General Introduction
The Text Extraction API (text-extract-api) is a powerful tool designed to extract and parse content from a variety of document formats (e.g. PDF, Word, PPTX, etc.). The API utilizes state-of-the-art Optical Character Recognition (OCR) technology and Ollama-supported models to be able to convert any document or image into structured JSON or Markdown formats. Its key features include highly accurate text extraction, removal of personally identifiable information (PII), support for multiple storage strategies, and distributed task processing. The text extraction API is built with FastAPI and uses Celery for asynchronous task processing and Redis for caching OCR results to ensure an efficient and reliable document processing experience.
pdf-extract-api is a document extraction and parsing API that supports document anonymization using state-of-the-art OCR technology and models supported by Ollama. It can convert any document or image into structured JSON or Markdown , supports high-precision extraction of tabular data , numbers and mathematical formulas . Built on FastAPI, the API uses Celery for asynchronous task processing and Redis to cache OCR results, ensuring efficient and reliable document processing.
Function List
- High-precision OCR: Use PyTorch, Marker, Llama3.2-vision and other OCR strategies to realize high-precision text extraction.
- Document conversion: support for PDF, Word, PPTX and other documents into Markdown or JSON format.
- Remove PII: Automatically recognizes and removes personally identifiable information from documents.
- Distributed processing: Use Celery for distributed task processing to improve processing efficiency.
- Caching mechanism: Use Redis to cache OCR results to reduce repeated processing time.
- Multi-storage strategy: Support local file system, Google Drive and other storage methods.

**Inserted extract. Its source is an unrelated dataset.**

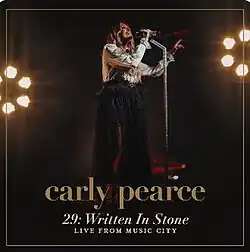 29: Written in Stone (Live from Music City) is a live album by American country artist Carly Pearce. It was released on March 24, 2023, via Big Machine Records and featured 19 tracks. The album was based on Pearce's award-winning 2021 studio album 29: Written in Stone. Many of the album's tracks were live versions of songs that first appeared on that project. It was the first live album of Pearce's career. The album received positive reviews from critics.

- CLI tools: Provide command line tools to facilitate users to send tasks and process the results.
Using Help
Installation process
- Download and install Ollama.
- Download and install Docker.
- Clone the text-extract-api repository:
git clone https://github.com/CatchTheTornado/text-extract-api.git
- Go to the project directory and start the Docker container:
cd text-extract-api
docker-compose up
Usage
Document Conversion
- Upload the documents to be converted to the specified directory.
- Use the CLI tool to send conversion tasks:
python client/cli.py ocr_upload --file examples/example.pdf --prompt_file examples/example-to-json-prompt.txt
- The conversion result will be saved in JSON or Markdown format in the specified directory.
Removal of PII
- Upload a document that contains PII.
- Use the CLI tool to send removal PII tasks:
python client/cli.py ocr_upload --file examples/example-pii.pdf --prompt_file examples/example-remove-pii.txt
- Processed documents will have all personally identifiable information removed.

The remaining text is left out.